Records excerpted from a collection:
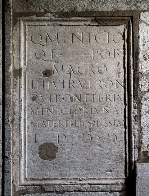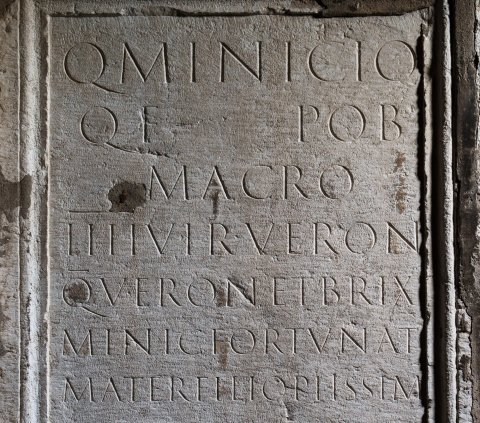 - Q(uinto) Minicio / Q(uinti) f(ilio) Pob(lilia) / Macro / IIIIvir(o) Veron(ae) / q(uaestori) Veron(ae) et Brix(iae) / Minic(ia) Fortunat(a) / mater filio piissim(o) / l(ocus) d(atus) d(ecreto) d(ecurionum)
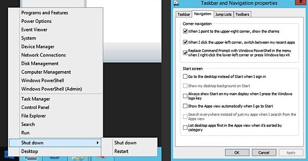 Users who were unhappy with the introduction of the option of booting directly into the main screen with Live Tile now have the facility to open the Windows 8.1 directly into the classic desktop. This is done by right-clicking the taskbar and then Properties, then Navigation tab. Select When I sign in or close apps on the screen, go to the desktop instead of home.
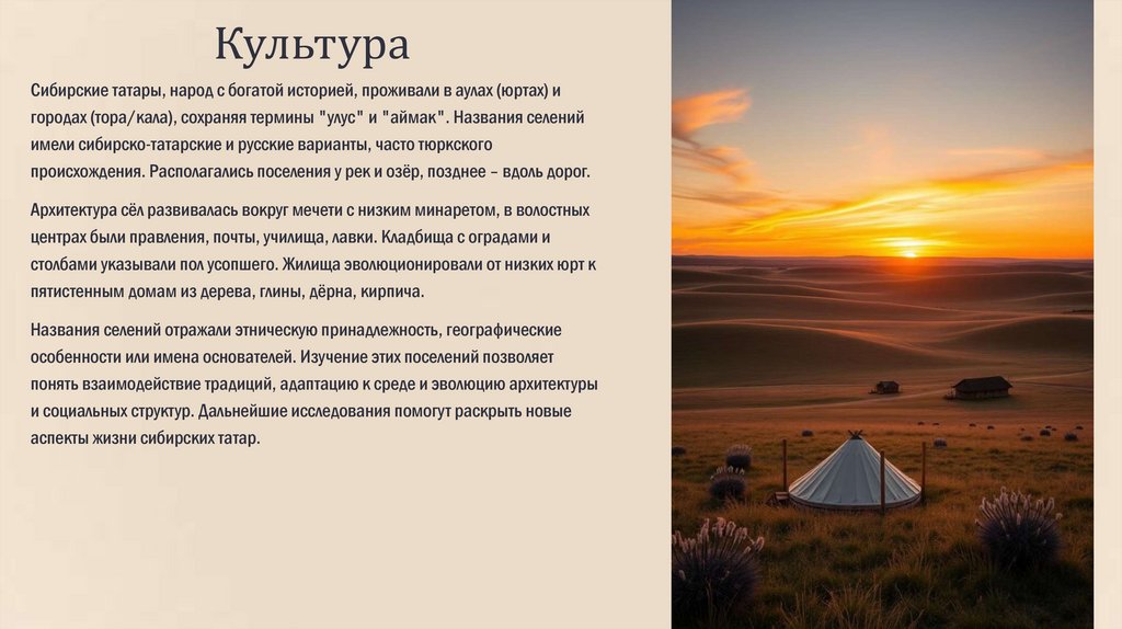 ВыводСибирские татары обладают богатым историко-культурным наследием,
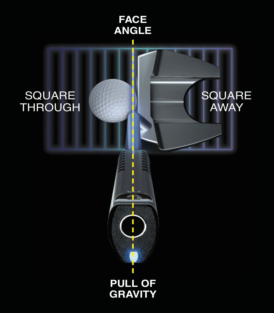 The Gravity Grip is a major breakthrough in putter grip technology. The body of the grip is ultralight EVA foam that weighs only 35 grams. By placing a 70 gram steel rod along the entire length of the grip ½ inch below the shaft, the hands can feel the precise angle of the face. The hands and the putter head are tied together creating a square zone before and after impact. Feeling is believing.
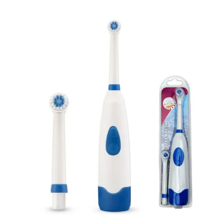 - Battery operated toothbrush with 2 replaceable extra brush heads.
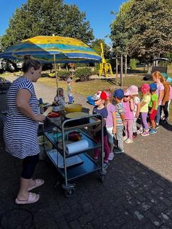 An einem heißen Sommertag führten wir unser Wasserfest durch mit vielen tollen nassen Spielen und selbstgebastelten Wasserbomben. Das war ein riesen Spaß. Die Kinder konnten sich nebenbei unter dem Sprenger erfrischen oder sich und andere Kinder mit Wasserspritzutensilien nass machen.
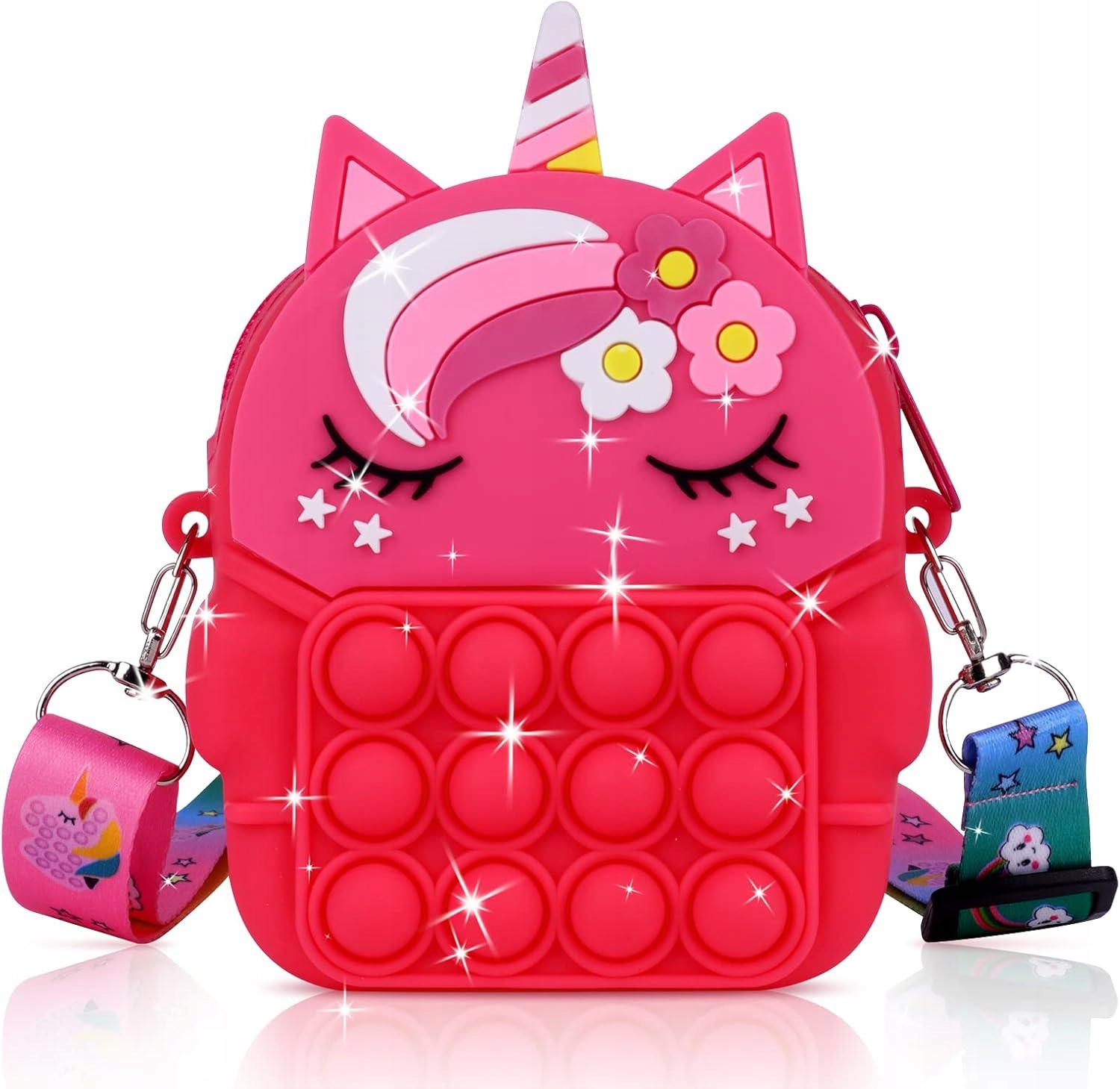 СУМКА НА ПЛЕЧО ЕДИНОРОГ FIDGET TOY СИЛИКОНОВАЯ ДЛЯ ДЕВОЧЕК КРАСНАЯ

...

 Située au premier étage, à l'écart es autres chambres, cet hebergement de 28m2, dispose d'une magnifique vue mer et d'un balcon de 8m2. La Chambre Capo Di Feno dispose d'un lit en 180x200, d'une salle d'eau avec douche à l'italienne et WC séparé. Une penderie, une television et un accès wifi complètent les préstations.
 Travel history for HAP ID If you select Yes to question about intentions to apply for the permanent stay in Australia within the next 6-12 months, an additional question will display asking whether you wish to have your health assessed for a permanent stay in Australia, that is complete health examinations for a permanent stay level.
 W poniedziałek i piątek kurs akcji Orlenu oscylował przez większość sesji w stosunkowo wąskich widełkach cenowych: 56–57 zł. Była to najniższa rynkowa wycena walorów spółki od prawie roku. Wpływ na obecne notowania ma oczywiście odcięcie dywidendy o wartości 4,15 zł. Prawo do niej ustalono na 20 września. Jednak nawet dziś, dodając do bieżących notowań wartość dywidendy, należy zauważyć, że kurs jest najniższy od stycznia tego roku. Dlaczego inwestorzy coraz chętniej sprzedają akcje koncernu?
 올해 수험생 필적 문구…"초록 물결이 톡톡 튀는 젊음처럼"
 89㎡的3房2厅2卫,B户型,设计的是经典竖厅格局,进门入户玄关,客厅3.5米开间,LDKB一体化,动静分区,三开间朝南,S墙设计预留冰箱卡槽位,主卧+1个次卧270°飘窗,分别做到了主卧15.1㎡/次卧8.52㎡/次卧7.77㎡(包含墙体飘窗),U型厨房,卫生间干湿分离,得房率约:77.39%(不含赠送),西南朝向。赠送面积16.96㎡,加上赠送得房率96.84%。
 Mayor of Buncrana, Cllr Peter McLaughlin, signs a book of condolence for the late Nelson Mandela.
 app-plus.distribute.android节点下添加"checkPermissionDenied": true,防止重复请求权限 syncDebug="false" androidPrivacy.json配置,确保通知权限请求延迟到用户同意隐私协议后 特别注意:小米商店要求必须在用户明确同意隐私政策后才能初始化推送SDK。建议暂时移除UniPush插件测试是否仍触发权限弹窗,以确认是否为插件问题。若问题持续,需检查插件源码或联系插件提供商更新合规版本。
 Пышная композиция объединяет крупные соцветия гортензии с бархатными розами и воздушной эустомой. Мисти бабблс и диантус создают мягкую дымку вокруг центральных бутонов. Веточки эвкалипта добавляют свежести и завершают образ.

Activity:
Your reply should consist solely of the lines above from the line containing "- Q(uinto) Minicio" up to and including the line containing "СУМКА НА ПЛЕЧО", reproduced exactly, minus the pictures.

Response:
 - Q(uinto) Minicio / Q(uinti) f(ilio) Pob(lilia) / Macro / IIIIvir(o) Veron(ae) / q(uaestori) Veron(ae) et Brix(iae) / Minic(ia) Fortunat(a) / mater filio piissim(o) / l(ocus) d(atus) d(ecreto) d(ecurionum)
 Users who were unhappy with the introduction of the option of booting directly into the main screen with Live Tile now have the facility to open the Windows 8.1 directly into the classic desktop. This is done by right-clicking the taskbar and then Properties, then Navigation tab. Select When I sign in or close apps on the screen, go to the desktop instead of home.
 ВыводСибирские татары обладают богатым историко-культурным наследием,
 The Gravity Grip is a major breakthrough in putter grip technology. The body of the grip is ultralight EVA foam that weighs only 35 grams. By placing a 70 gram steel rod along the entire length of the grip ½ inch below the shaft, the hands can feel the precise angle of the face. The hands and the putter head are tied together creating a square zone before and after impact. Feeling is believing.
 - Battery operated toothbrush with 2 replaceable extra brush heads.
 An einem heißen Sommertag führten wir unser Wasserfest durch mit vielen tollen nassen Spielen und selbstgebastelten Wasserbomben. Das war ein riesen Spaß. Die Kinder konnten sich nebenbei unter dem Sprenger erfrischen oder sich und andere Kinder mit Wasserspritzutensilien nass machen.
 СУМКА НА ПЛЕЧО ЕДИНОРОГ FIDGET TOY СИЛИКОНОВАЯ ДЛЯ ДЕВОЧЕК КРАСНАЯ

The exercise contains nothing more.